National health security is defined as the state of existence in which the nation and its people are prepared for, protected from, and resilient in the face of catastrophe and related health consequences. Local health departments play a key role in achieving national health security. Dr. Steven Englender, director of the Center for Public Health Preparedness in Cincinnati, provides insight on what it’s like to prepare for the worst, while at the same time hoping for the best.
HealthScene Ohio: Can you list the different types of public health emergencies and provide a brief description of them?
Dr. Steven Englender: Public health is involved in a variety of types of disaster response it goes beyond our visual role of ensuring and providing immunizations, healthy moms/well baby, stuff like that, and beyond the usual recordable diseases. Outbreaks and even worse, epidemics and pandemics, are obviously public health emergencies currently. Ohio is one of the many states engaged in responding to hepatitis A, but when we’re talking about preparedness activity, we’re really talking about all hazards and disasters. Those can be both natural and man-made. Natural ones can include things like extreme weather, whether that’s drought and heat, ice storms and cold, hurricanes, and what’s going on with the East Coast now.

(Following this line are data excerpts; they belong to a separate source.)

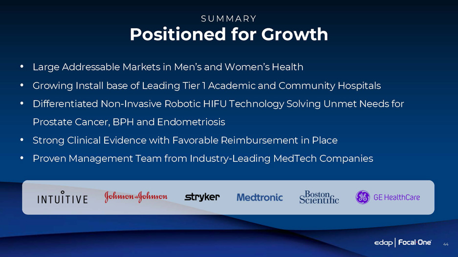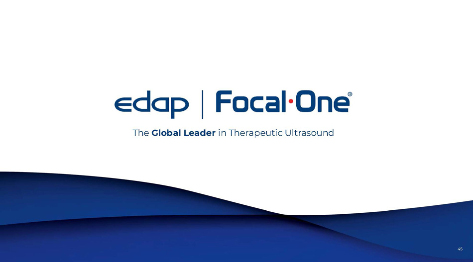 Positioned for Growth S U M M A R Y • Large Addressable Markets in Men’s and Women’s Health • Growing Install base of Leading Tier 1 Academic and Community Hospitals • Differentiated Non - Invasive Robotic HIFU Technology Solving Unmet Needs for Prostate Cancer, BPH and Endometriosis • Strong Clinical Evidence with Favorable Reimbursement in Place • Proven Management Team from Industry - Leading MedTech Companies 44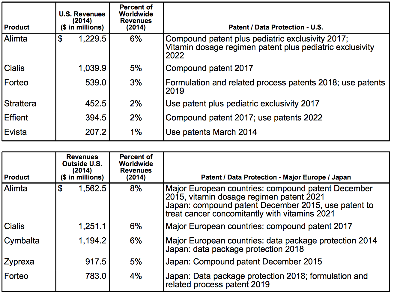 If that proves to be true, it could be real trouble for the company down the road, as those two drugs produced more than 21% of Lilly's 2014 revenue.
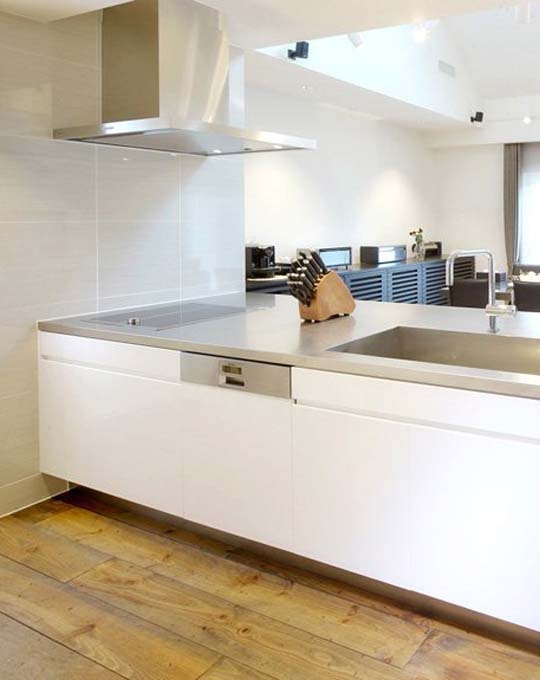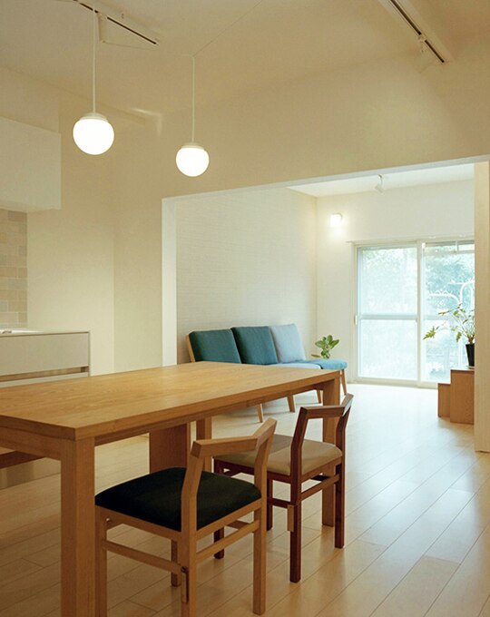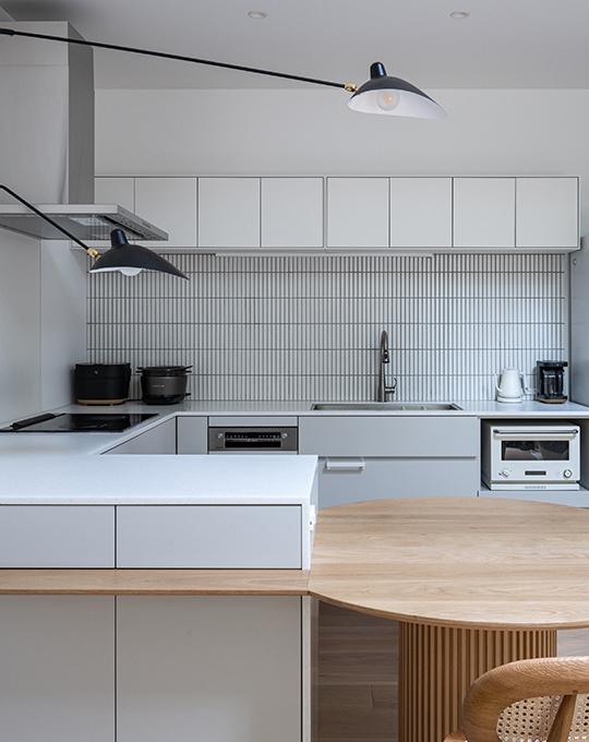 以工業風吊燈與石英岩檯面打造現代感開放廚房。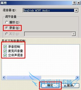 2、在打开的属性界面中,单击“录音”选项,然后单击“确定”。如图: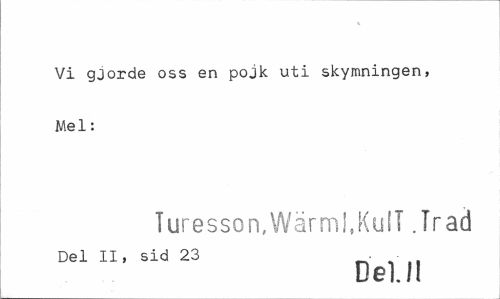 //// Vi gjorde oss en pojk uti skymningen, Mel: //// Turesson,Wärml.KulT .Trad //// Del II, sid 23 //// Dell! ////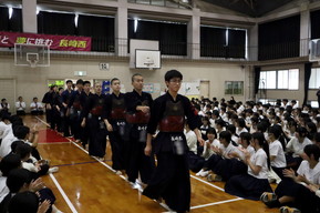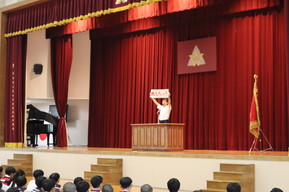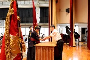 高総体 壮行式 2025年05月28日(水) 令和7年度 長崎県高等学校総合体育大会選手壮行式を行いました。 5月31日(土)より28種目に259名が参加します。応援よろしくお願いします。 選手入場 選手入場 選手紹介・決意表明 団旗授与 校長挨拶 選手代表宣誓 応援団による応援 校歌斉唱 選手退場

Man-made disasters can come in a variety of forms too. Simply the world that we live in poses dangers from all sorts of things that we create. In terms of disaster preparedness, you often hear the term CBRNE, which is Chemical Biological Radiation Nuclear and Explosives. These are categories of things that are, generally speaking, man-made. I think if you look at Hawaii with volcanic activity, that’s a natural catastrophe, at least if its localized. But one of the things that clearly defines disaster versus single event, public health gets engaged with mass causalities. That might be a disastrous event, but that’s not the type of thing that we plan for in ways to mitigate effects on population before these things occur.

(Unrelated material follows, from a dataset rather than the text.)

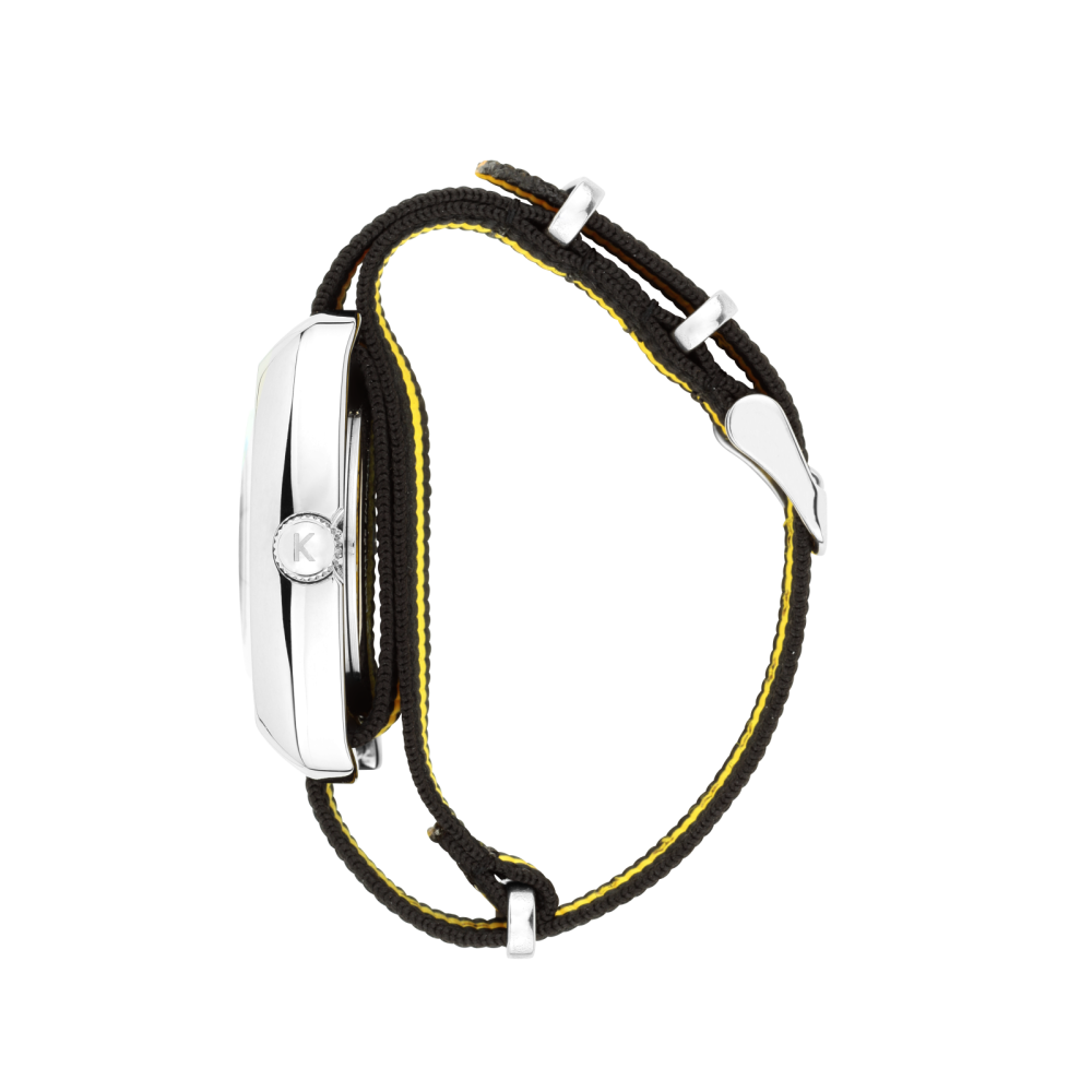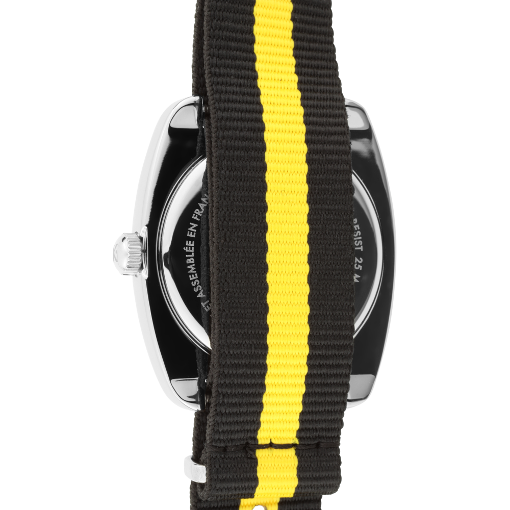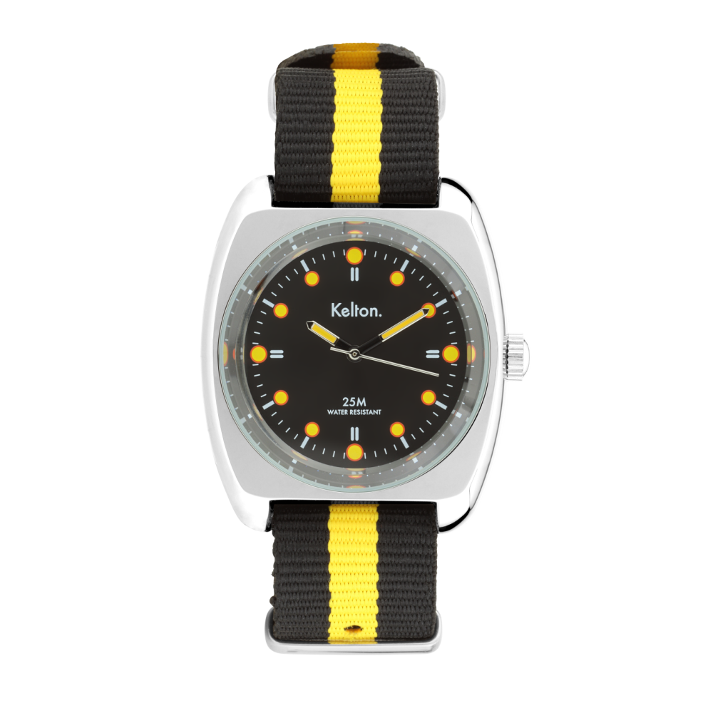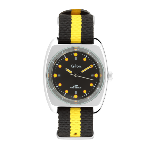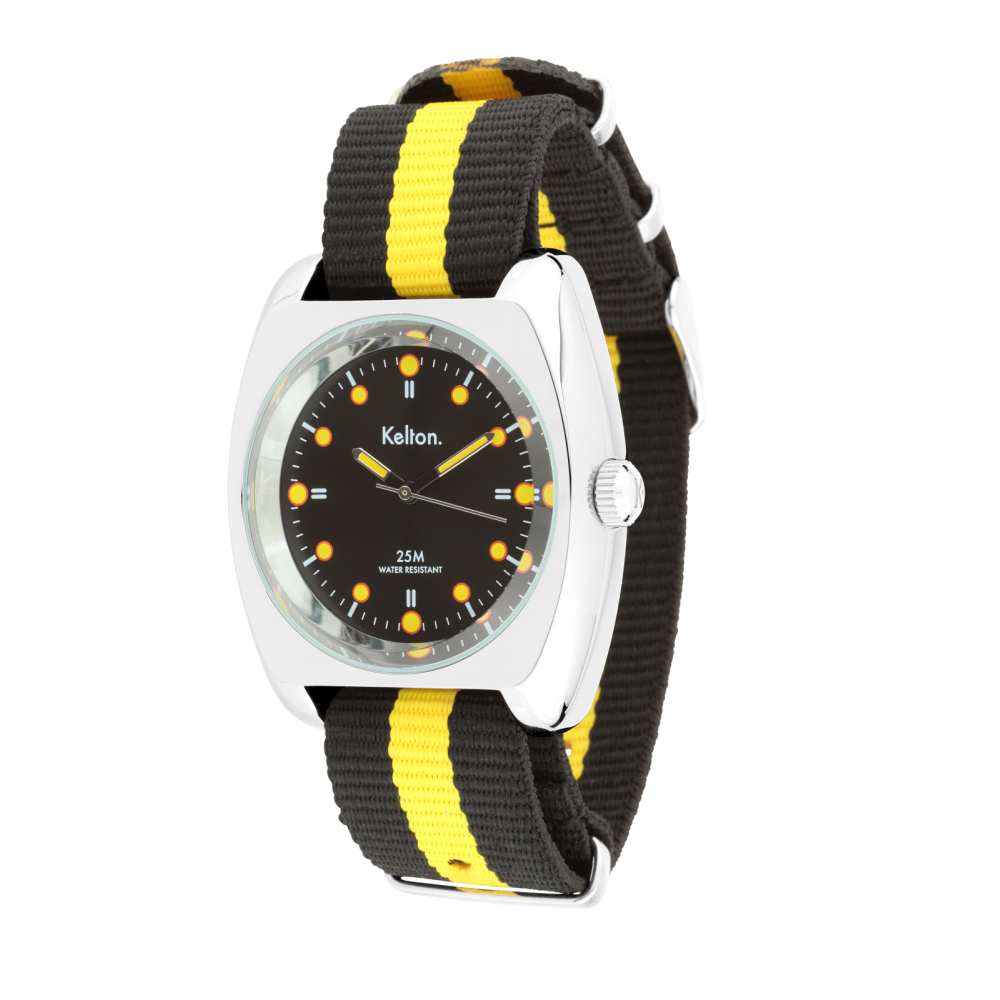Montre RC2 Nato noir jaune. Montre conçue et assemblée en France. Chaque Montre Kelton est livrée dans son écrin spécifique griffé au nom de la marque.

If there’s a chemical release from a rail car incident, public health’s role in that, as opposed to emergency management and hazardous materials, our role would be to monitor the population that may be exposed and provide the risk guidance, assist with the decision-making for the types of things that we can do to avoid ill effects – and that is either shelter-in-place or evacuating.
Before nuclear, I think we can all remember Chernobyl, no such disaster ever occurred again. That was obviously not a terrorist attack, but concerns are high from homeland security about both dirty bombs, radiation dispersal devices, as well as small scale nuclear.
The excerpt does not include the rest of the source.